(Data provided begins)

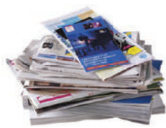
Tous les papiers (séparés de leur emballage plastique)
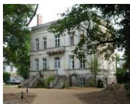
57 rue Volney Angers
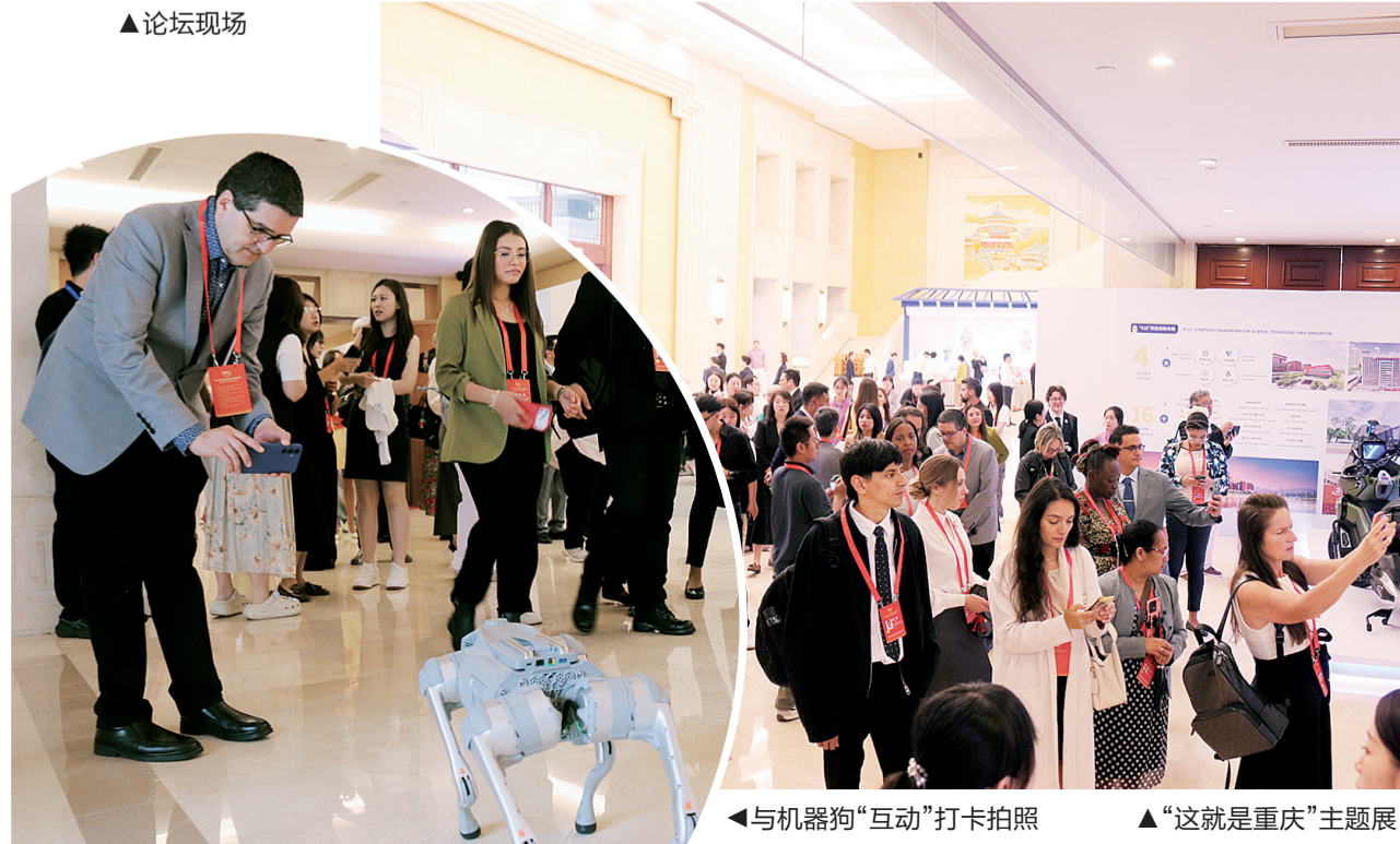
◀与机器狗“互动”打卡拍照
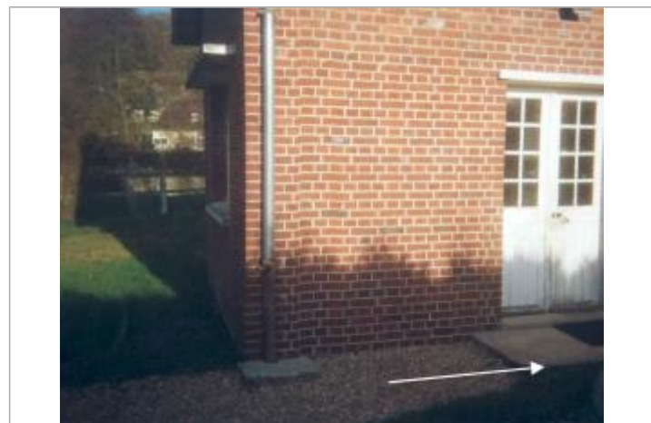
L'eau est montée jusqu'à la marche d'entrée
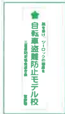
盗難被害防止活動
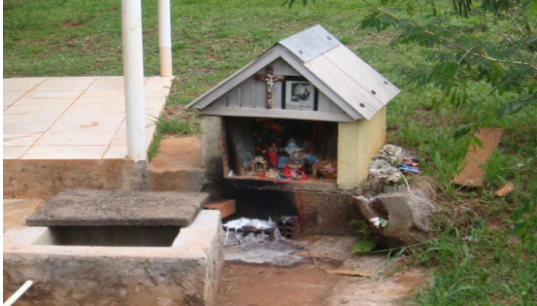
Olho D'Água de São João Maria
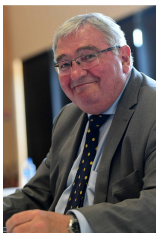
JEAN-PASCAL FICHÈRE Président de la communauté d'agglomération du Grand Dole
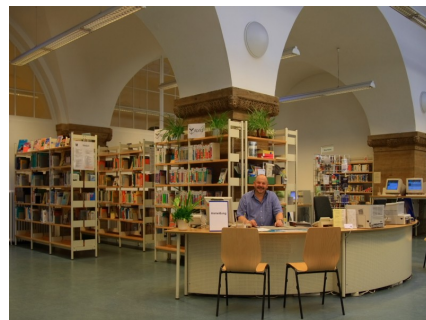
Innenansicht der Heinrich-Schulz-Bibliothek
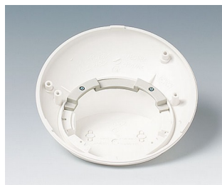
B5111707 Anti-rotation device ABS (UL 94 HB) off-white RAL 9002

(Data provided ends)

Transcribe the listing above verbatim. Omit the pictures.

Tous les papiers (séparés de leur emballage plastique)
57 rue Volney Angers
◀与机器狗“互动”打卡拍照
L'eau est montée jusqu'à la marche d'entrée
盗難被害防止活動
Olho D'Água de São João Maria
JEAN-PASCAL FICHÈRE Président de la communauté d'agglomération du Grand Dole
Innenansicht der Heinrich-Schulz-Bibliothek
B5111707 Anti-rotation device ABS (UL 94 HB) off-white RAL 9002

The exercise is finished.